Tuesday, November 29, 2011
Brad: Olive Garden really isn't the best... but it sure is good when it's free!
Stacy: HAHAHAHA, no doubt! Everything tastes better when it's free!
Brad: Man, I AM a Jew... just told a friend the same thing I told you and she said "Hey, you can't complain; it's free."
I said, "Watch me."
Stacy: LMFAO ROTF. I'm rubbing off on you
Brad: "Can you believe these bread sticks?! As cold and tough as my ex-husband! And this salad! Yeesh!
It's 50% fekokteh onions!"
Stacy: OMFG ... how long did it take you to figure out a spelling for "fekokteh"? Fakakta.
Brad: LOL!!! I thank Google... I searched "yiddish fucking"... with the adult filter ON, thank you very much.
Stacy: LMFAOROTF... OMG, I might just pee a little
Brad: I want Yiddish "fucking", not "Yiddish fucking"! Oy vey!
(I have a little old Jewish man accent in my head right now)
Stacy: Oh, Brad.... stoooooop! I'm going to peeeeeeee!
Brad: OMG, that is the fastest onions have ever acted! O_O I got some gas BAD! About to toot my dook-horn
aka butt trumpet! Seriously... the salad was about 50% onions.
Stacy: Butt TUBA more like it.
Brad: HEY!!! ......... shaddap. At least I got a nice, deep, baritone bellow and not a fruity gay little piccolo tweet.

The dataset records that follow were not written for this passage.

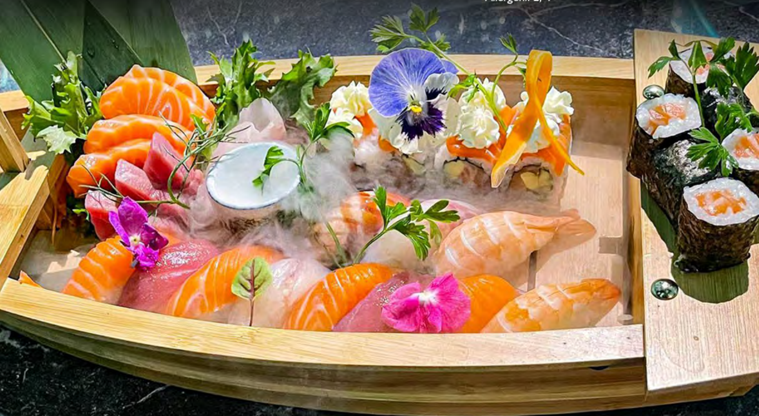
311 - BARCA 35PZ € 30.00 Salmone roll 8pz, Hosa sake 6pz, Nigiri misto 11pz, Sashimi misto 10pz Allergeni: 2, 4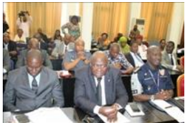
Voir la photo - 20 octobre 2014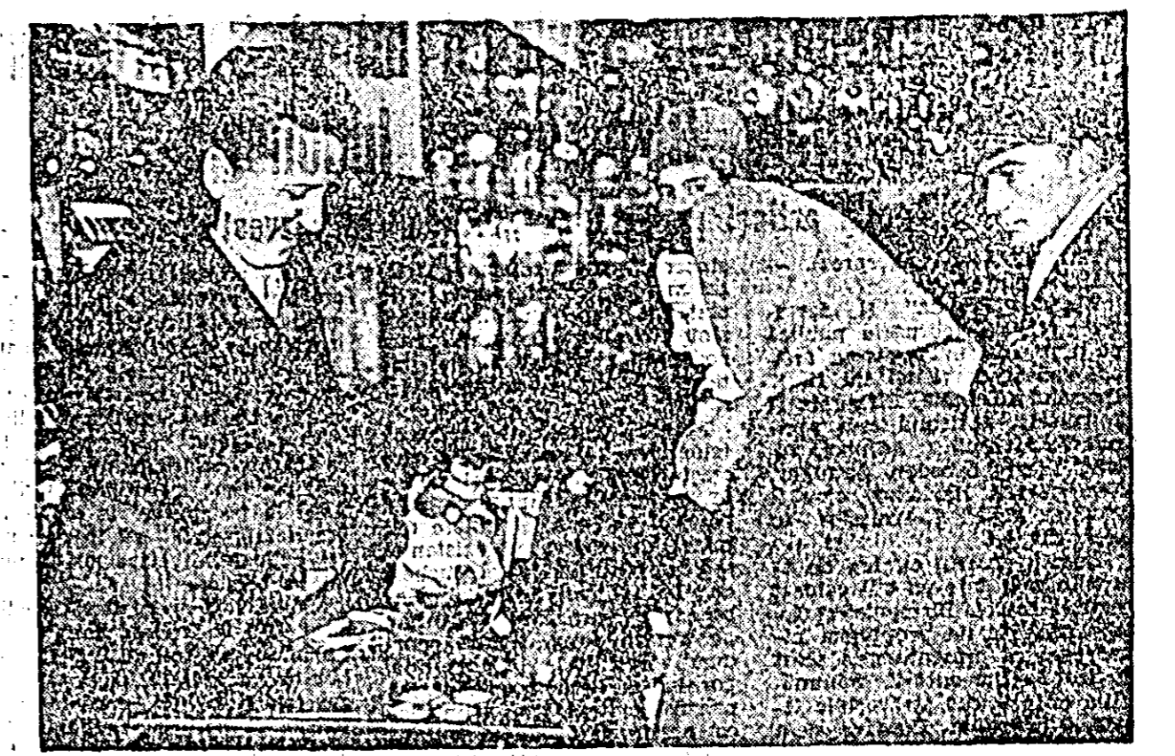
Răsunul menaj de la magazinul „Universul” cunoaște o afliță mare de cumpărători în fiecare zi...

Stacy: OMG piccolo farts! I'm totally using that!
Brad: Piccolo Butt= *chirp* "What was that?!" "..... bird."
Me= *ahWOOOOOGAH* "What was THAT?!" "Ships are coming in."
Stacy: LOL! On the drive to work... dude... I smoked myself out. It was baaad. I don't even know what I ate! I thought it was a little poot... it assaulted my nasel passages with such a vengence... I almost had to apologize ... to myself...
Brad: ROFLMAO!!!!!!! Stop it! You're gonna make me clear out the office!